DeHaan wrote those words in 1945, but they are as relevant as ever. Moreover, they simplify the subject and get to the heart of the matter.
The institution of the Church has its many challenges nowadays: declining attendance, changing cultural values, scandals involving church leaders, economic pressures, technological changes that complicate maintaining a sense of community, the rise of secularism and atheism, etc. Nevertheless, nothing has diminished the Church’s vitality and significance more today than a creeping apostasy.
Mainline denominations have moved away from traditional Christian beliefs and doctrines and embraced more liberal or progressive theological perspectives. These include denying the infallibility, inerrancy, and authority of Scripture, which have led to reinterpreting biblical teachings on core doctrinal issues like the divinity of Christ, his substitutionary death for sinners, his bodily resurrection, and salvation by grace through faith alone.

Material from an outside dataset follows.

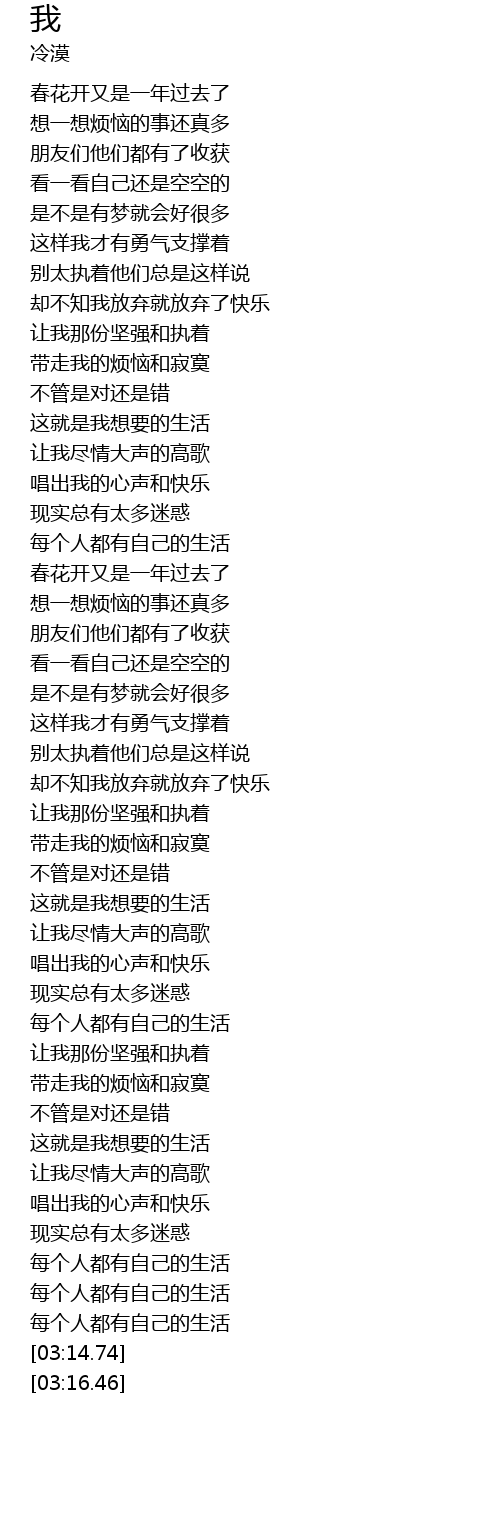 | [01:11.93] | 这就是我想要的生活 |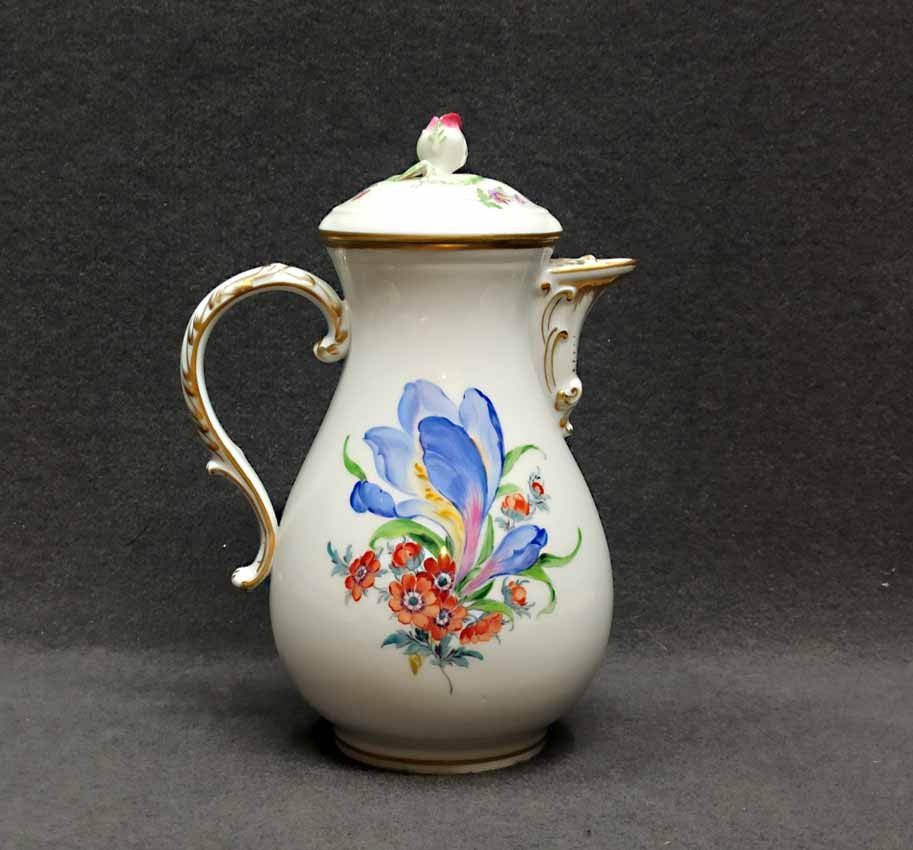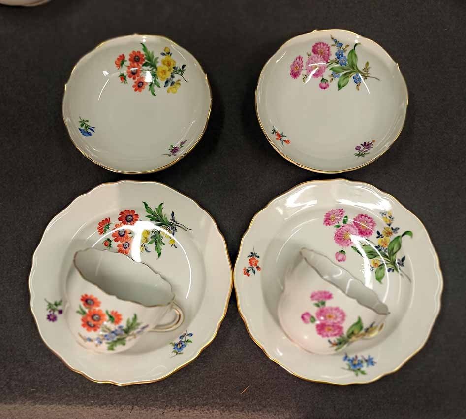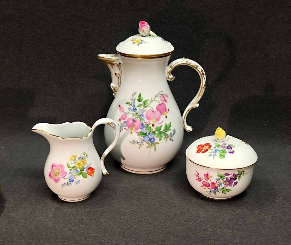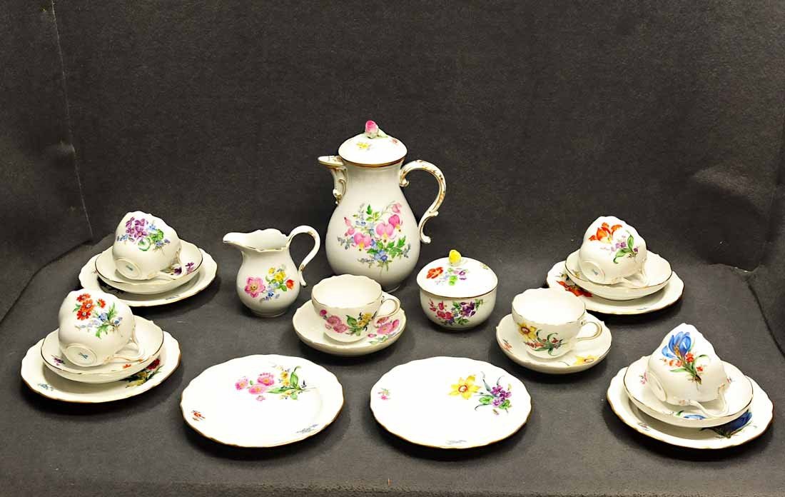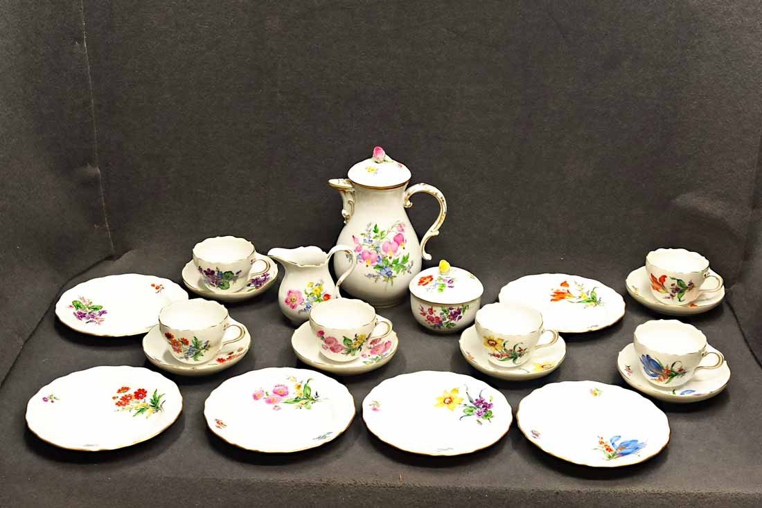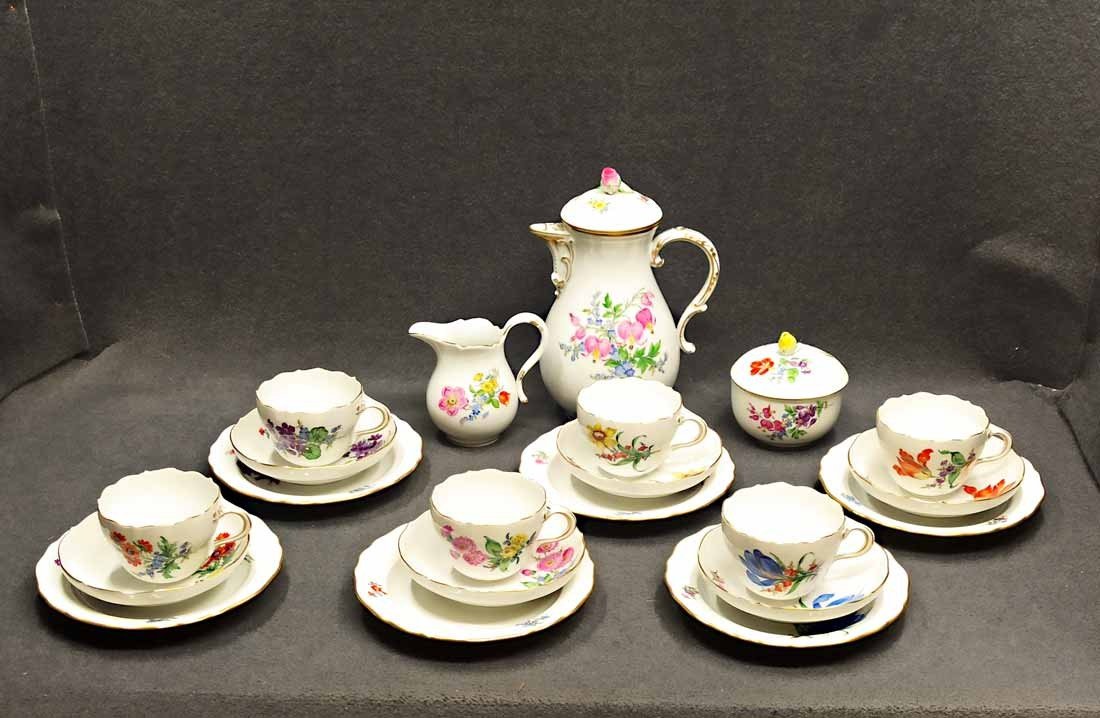Verkauft! Meissen, Kaffeeservice f. 6 Personen, 21 Teile. Blumendekor mit Goldrand. Alle Teile mit schön gemalten, verschiedenen Blumenbuketts. Je Gedeck eine einheitliche Blume. Sehr guter Zustand ohne Beschädigungen, alle Deckelrosen i.O. Sehr schöne Hausmalerei. Aus dem Besitz einer Porzellanmalerin von Meissen, sogenannte Deputatware, Marke 4x gestrichen, für Angestellte der Manufaktur Meissen.

Some have departed from sound doctrine and abandoned the Bible’s teaching on human sexuality and proper sexual ethics, ordaining LGBTQ as clergy, performing same-sex marriages, and defending transgenderism. Too many Churches are aligned more with secular culture and values, having seriously compromised their Christian identity and committing spiritual adultery.
When Jesus comes again in the Rapture, he will take out of this world his faithful followers to Heaven — those who make up the true Church. Then the leftovers within the visible Church — the tares — those who were a part of the institution but never actually changed by a personal relationship with Christ as Savior and Lord, will remain. Ultimately, this crowd of religionists, presided over by unregenerate religious leaders, will be absorbed into an ecumenical body of a counterfeit faith that will be global and political, Mystery Babylon as it reads in most translations, or “Babylon the Great, Mother of All Prostitutes and Obscenities in the World.”
True Christianity, rooted in the teachings of an orthodox biblical worldview, has historically been a force for tremendous good, contributing positively to human civilization and society on numerous levels. But Mystery Babylon, with its spiritual harlotry, has been the author of immeasurable suffering, and the damnation of nations and souls through the ages. In the end, it is intricately connected to the events leading up to Armageddon.
Rev. Mark H. Creech is Executive Director of the Christian Action League of North Carolina, Inc. He was a pastor for twenty years before taking this position, having served five different Southern Baptist churches in North Carolina and one Independent Baptist in upstate New York.